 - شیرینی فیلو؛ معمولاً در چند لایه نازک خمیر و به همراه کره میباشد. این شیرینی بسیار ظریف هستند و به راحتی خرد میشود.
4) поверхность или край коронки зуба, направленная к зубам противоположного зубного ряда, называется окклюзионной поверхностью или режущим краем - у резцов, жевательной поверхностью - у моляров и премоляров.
* * *
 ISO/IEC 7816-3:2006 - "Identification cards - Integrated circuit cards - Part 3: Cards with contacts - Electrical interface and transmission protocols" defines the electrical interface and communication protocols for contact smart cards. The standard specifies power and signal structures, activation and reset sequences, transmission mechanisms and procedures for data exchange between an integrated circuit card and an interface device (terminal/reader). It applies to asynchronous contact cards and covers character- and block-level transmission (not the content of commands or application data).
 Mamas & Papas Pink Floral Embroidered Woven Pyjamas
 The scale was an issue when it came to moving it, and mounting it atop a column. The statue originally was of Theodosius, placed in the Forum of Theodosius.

◆ WORK ITEM
Quote the data above from the line containing "- شیرینی فیلو؛" to the line containing "4) поверхность или", inclusive, and stop.

◆ ANSWER SPACE
 - شیرینی فیلو؛ معمولاً در چند لایه نازک خمیر و به همراه کره میباشد. این شیرینی بسیار ظریف هستند و به راحتی خرد میشود.
4) поверхность или край коронки зуба, направленная к зубам противоположного зубного ряда, называется окклюзионной поверхностью или режущим краем - у резцов, жевательной поверхностью - у моляров и премоляров.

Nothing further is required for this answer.